# INFORMATION SHOWN

++++++

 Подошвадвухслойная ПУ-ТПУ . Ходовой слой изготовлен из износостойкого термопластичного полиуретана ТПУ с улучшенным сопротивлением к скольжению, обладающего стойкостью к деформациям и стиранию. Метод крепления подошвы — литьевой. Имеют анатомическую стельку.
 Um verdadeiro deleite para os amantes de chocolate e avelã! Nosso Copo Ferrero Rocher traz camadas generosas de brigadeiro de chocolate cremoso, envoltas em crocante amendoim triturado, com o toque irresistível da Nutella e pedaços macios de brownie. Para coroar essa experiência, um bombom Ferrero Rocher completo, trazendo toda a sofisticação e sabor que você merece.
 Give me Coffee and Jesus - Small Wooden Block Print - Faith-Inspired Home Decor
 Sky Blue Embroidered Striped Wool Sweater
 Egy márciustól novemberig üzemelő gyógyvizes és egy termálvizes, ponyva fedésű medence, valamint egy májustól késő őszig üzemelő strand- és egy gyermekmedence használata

++++++

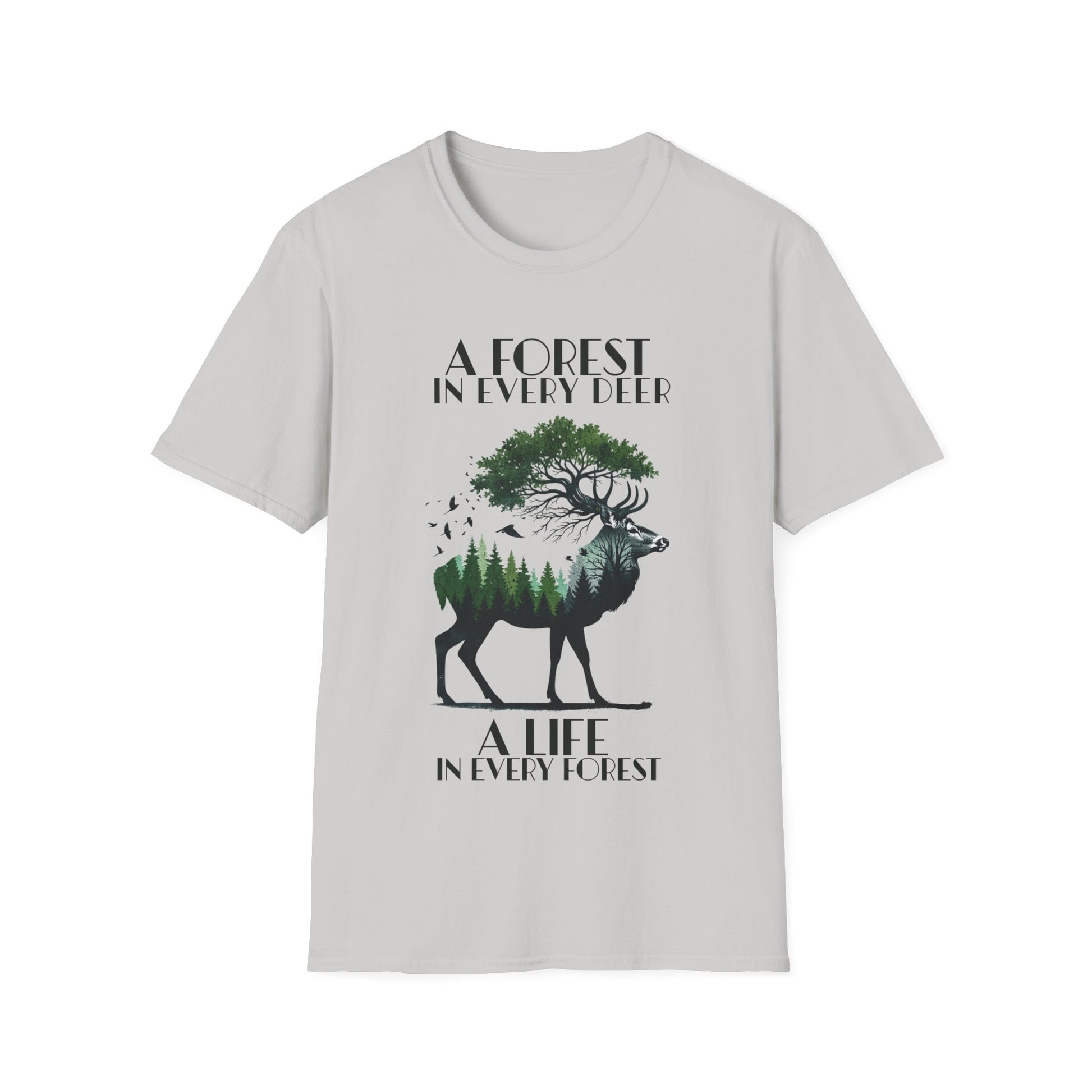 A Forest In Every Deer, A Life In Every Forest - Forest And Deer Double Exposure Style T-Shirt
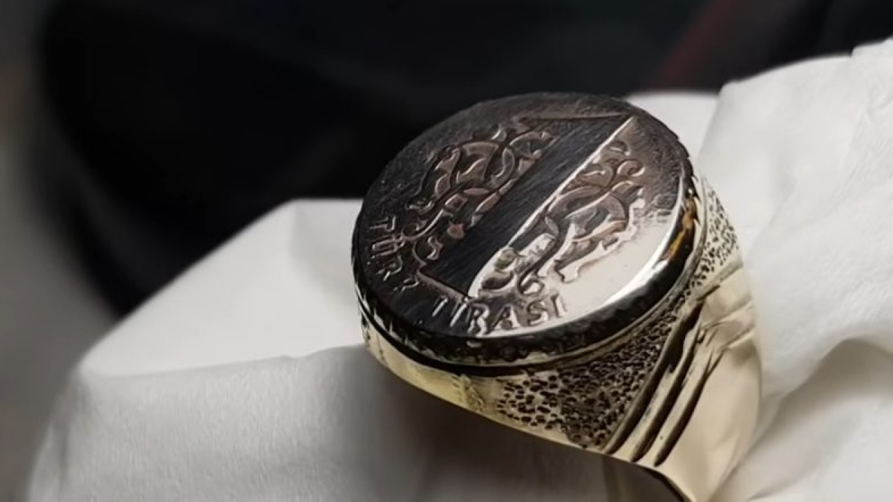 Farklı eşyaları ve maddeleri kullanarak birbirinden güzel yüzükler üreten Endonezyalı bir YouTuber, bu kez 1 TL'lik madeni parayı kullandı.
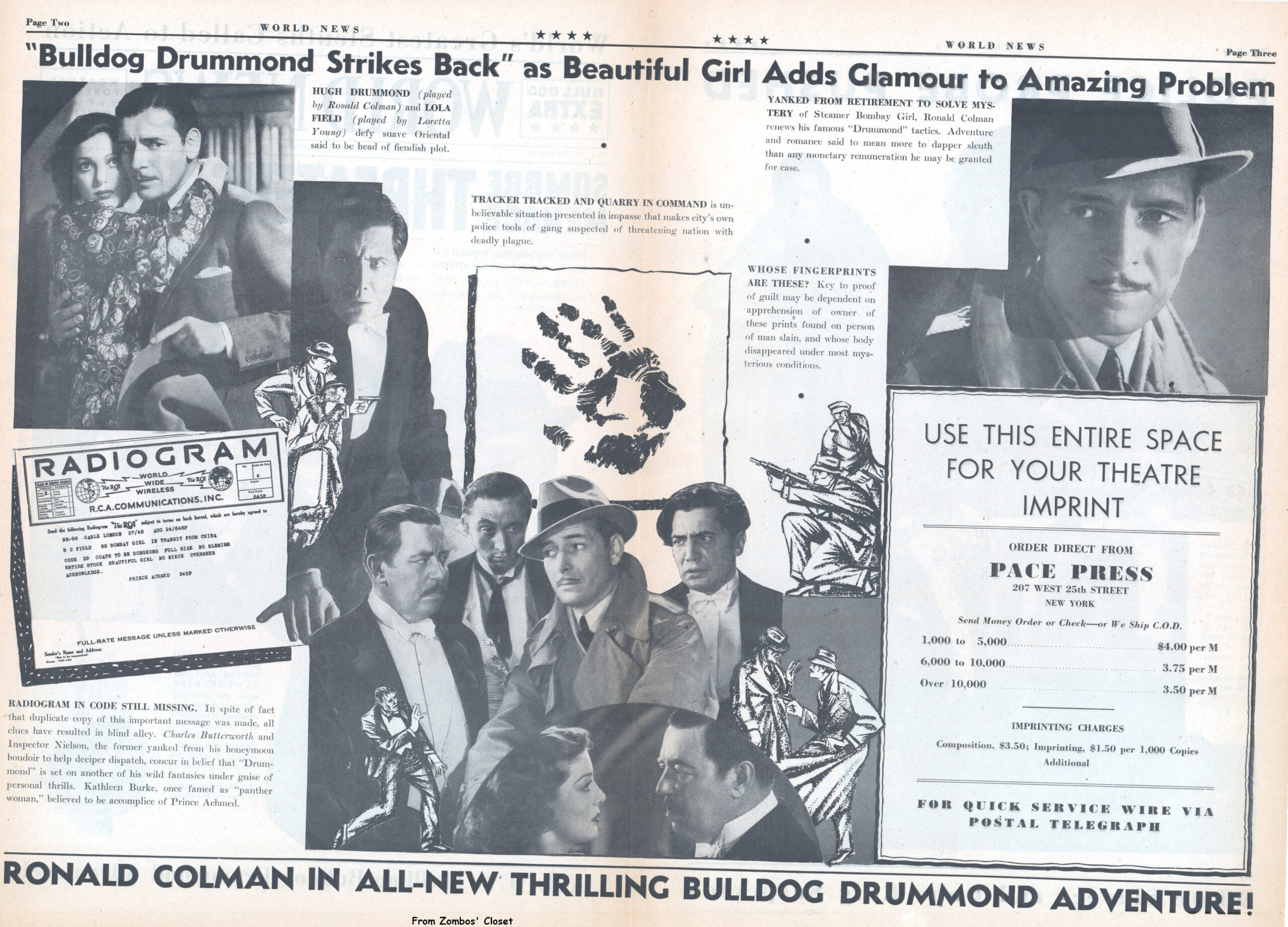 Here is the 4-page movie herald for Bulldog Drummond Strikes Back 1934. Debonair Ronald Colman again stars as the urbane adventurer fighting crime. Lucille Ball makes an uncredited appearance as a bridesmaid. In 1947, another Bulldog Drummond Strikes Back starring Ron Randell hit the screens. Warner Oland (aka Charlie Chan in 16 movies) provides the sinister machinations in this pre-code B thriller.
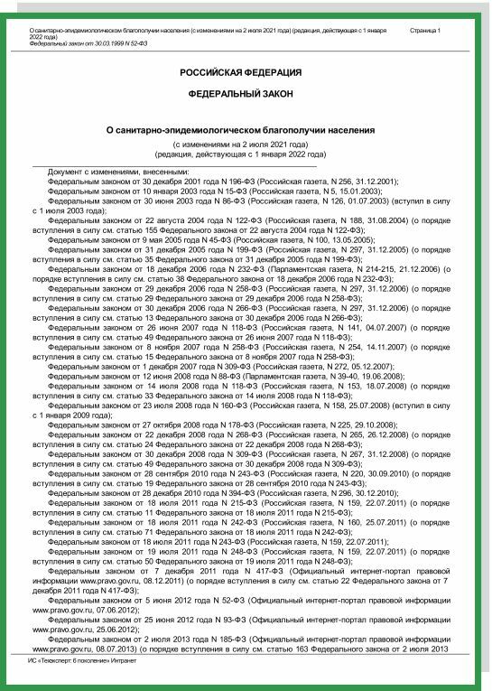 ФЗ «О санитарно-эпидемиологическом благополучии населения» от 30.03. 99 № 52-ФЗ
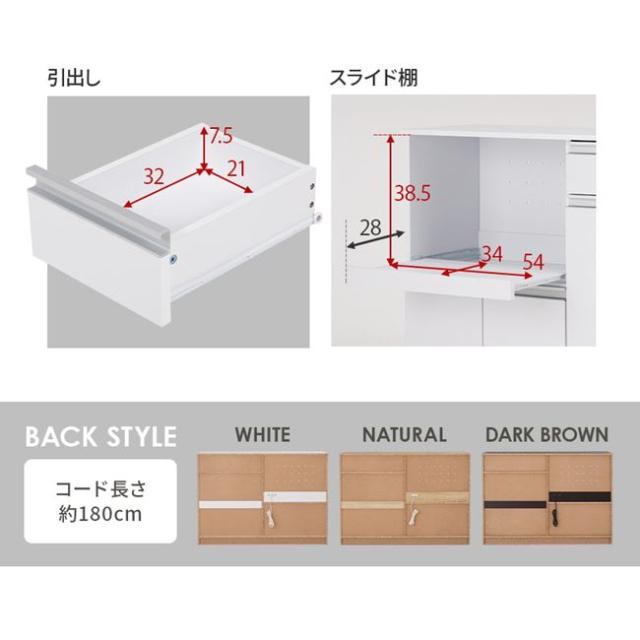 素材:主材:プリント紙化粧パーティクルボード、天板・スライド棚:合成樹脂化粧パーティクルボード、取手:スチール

++++++

Above are the records; copy exactly the lines from the one with "30.03. 99 № 52-ФЗ" through the one with "素材:主材:プリント紙化粧パ", including both, and nothing more. Leave out pictures.

 ФЗ «О санитарно-эпидемиологическом благополучии населения» от 30.03. 99 № 52-ФЗ
 素材:主材:プリント紙化粧パーティクルボード、天板・スライド棚:合成樹脂化粧パーティクルボード、取手:スチール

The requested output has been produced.